Two lines in the data below mark the range: the one with "防水型 ・ 最大额定值:0.1A" and the one with "Ανακαλύψτε την απόλυτη". Return both, along with every line between them, exactly.

* **Data for this exercise**:
:::::

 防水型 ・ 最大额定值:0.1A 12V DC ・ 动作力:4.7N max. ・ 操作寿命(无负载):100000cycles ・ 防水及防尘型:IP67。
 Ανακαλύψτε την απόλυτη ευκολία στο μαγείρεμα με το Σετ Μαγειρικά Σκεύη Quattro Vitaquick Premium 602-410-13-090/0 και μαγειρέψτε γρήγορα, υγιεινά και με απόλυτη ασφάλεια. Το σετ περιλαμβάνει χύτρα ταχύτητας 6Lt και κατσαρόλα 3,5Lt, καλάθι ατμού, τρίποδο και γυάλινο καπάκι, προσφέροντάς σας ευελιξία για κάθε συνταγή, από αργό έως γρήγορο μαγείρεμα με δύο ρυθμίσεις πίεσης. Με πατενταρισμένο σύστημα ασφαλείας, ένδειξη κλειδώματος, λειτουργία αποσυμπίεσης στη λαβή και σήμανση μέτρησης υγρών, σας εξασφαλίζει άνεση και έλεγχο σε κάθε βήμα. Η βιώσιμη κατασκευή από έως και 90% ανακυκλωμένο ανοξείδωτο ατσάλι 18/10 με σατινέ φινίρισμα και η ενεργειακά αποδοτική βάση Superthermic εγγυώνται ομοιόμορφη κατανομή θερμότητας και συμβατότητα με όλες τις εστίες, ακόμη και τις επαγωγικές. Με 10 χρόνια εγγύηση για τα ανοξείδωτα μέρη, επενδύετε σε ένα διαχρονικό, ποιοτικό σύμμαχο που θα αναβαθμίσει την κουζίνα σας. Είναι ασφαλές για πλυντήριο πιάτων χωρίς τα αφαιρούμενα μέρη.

:::::

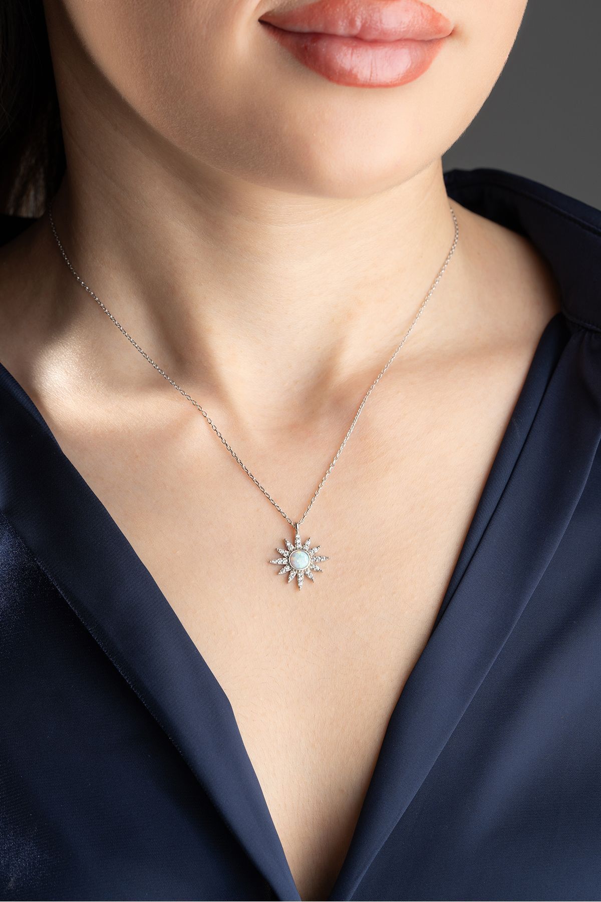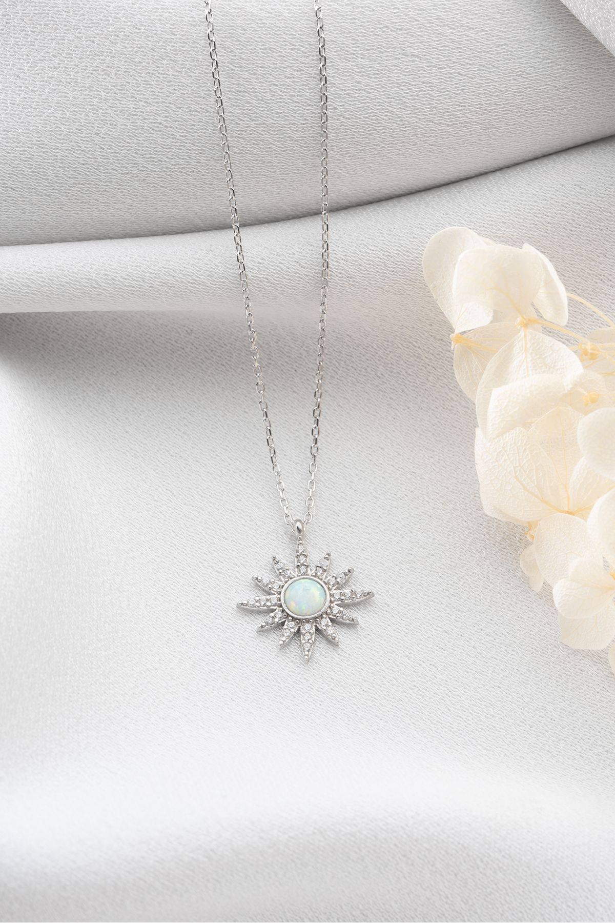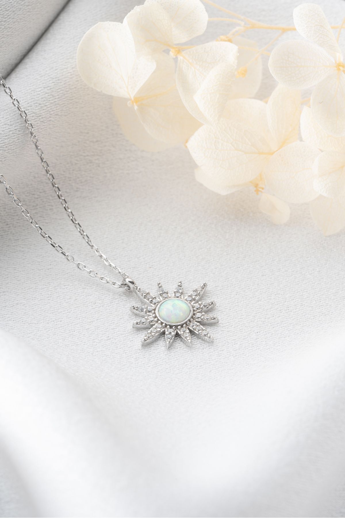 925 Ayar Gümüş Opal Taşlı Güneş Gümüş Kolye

:::::

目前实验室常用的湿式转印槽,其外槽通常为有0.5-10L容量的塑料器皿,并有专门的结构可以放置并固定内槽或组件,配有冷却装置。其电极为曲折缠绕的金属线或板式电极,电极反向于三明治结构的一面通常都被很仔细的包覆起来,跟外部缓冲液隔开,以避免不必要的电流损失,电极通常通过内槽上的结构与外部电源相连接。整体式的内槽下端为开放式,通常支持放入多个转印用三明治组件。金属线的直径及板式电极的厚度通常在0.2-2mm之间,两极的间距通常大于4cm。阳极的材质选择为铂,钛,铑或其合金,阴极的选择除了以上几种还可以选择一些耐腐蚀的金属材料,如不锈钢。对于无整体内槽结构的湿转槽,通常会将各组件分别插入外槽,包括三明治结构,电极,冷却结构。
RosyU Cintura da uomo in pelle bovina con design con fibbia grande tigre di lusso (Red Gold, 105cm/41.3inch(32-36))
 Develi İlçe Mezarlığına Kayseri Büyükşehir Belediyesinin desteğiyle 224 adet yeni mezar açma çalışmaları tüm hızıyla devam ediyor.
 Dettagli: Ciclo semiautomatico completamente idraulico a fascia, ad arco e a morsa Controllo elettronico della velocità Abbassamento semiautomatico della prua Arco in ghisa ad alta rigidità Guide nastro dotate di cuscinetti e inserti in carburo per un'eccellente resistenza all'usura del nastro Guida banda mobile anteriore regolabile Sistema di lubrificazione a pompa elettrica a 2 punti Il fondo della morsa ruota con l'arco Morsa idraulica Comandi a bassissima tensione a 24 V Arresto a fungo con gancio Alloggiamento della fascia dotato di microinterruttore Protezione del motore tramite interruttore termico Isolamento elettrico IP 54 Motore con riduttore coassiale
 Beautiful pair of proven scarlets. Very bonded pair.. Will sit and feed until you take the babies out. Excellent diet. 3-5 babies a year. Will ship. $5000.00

:::::

* **Result of this exercise**:
 防水型 ・ 最大额定值:0.1A 12V DC ・ 动作力:4.7N max. ・ 操作寿命(无负载):100000cycles ・ 防水及防尘型:IP67。
 Ανακαλύψτε την απόλυτη ευκολία στο μαγείρεμα με το Σετ Μαγειρικά Σκεύη Quattro Vitaquick Premium 602-410-13-090/0 και μαγειρέψτε γρήγορα, υγιεινά και με απόλυτη ασφάλεια. Το σετ περιλαμβάνει χύτρα ταχύτητας 6Lt και κατσαρόλα 3,5Lt, καλάθι ατμού, τρίποδο και γυάλινο καπάκι, προσφέροντάς σας ευελιξία για κάθε συνταγή, από αργό έως γρήγορο μαγείρεμα με δύο ρυθμίσεις πίεσης. Με πατενταρισμένο σύστημα ασφαλείας, ένδειξη κλειδώματος, λειτουργία αποσυμπίεσης στη λαβή και σήμανση μέτρησης υγρών, σας εξασφαλίζει άνεση και έλεγχο σε κάθε βήμα. Η βιώσιμη κατασκευή από έως και 90% ανακυκλωμένο ανοξείδωτο ατσάλι 18/10 με σατινέ φινίρισμα και η ενεργειακά αποδοτική βάση Superthermic εγγυώνται ομοιόμορφη κατανομή θερμότητας και συμβατότητα με όλες τις εστίες, ακόμη και τις επαγωγικές. Με 10 χρόνια εγγύηση για τα ανοξείδωτα μέρη, επενδύετε σε ένα διαχρονικό, ποιοτικό σύμμαχο που θα αναβαθμίσει την κουζίνα σας. Είναι ασφαλές για πλυντήριο πιάτων χωρίς τα αφαιρούμενα μέρη.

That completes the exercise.